(Reuters) - There is now an imminent threat of measles spreading in various regions globally, as COVID-19 led to a steady decline in vaccination coverage and weakened surveillance of the disease, the World Health Organization (WHO) and the U.S. public health agency said on Wednesday.
Measles is one of the most contagious human viruses and is almost entirely preventable through vaccination. However, it requires 95% vaccine coverage to prevent outbreaks among populations.
A record high of nearly 40 million children missed a measles vaccine dose in 2021 due to hurdles created by the COVID pandemic, the WHO and the U.S. Centers for Disease Control and Prevention (CDC) said in a joint report.

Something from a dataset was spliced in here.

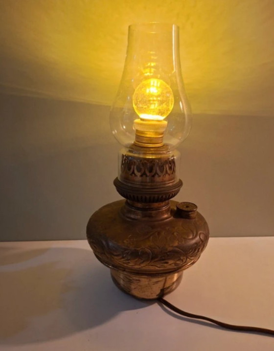 Ursprünglich eine Petroleumlampe, wurde sie später fachmännisch auf elektrisches Licht umgerüstet. Dieses einzigartige Stück vereint historischen Charme mit praktischer Funktionalität.

While measles cases have not yet gone up dramatically compared to previous years, now is the time to act, the WHO's measles lead, Patrick O'Connor, told Reuters.
"We are at a crossroads," he said on Tuesday. "It is going to be a very challenging 12-24 months trying to mitigate this."
A combination of factors like lingering social distancing measures and cyclical nature of measles may explain why there has not yet been an explosion of cases despite the widening immunity gaps, but that could change quickly, said O'Connor, pointing out the highly contagious nature of the disease.
The WHO has already seen an increase of large disruptive outbreaks since the start of 2022, rising from 19 to almost 30 by September, O'Connor said, adding that he was particularly worried about parts of sub-Saharan Africa.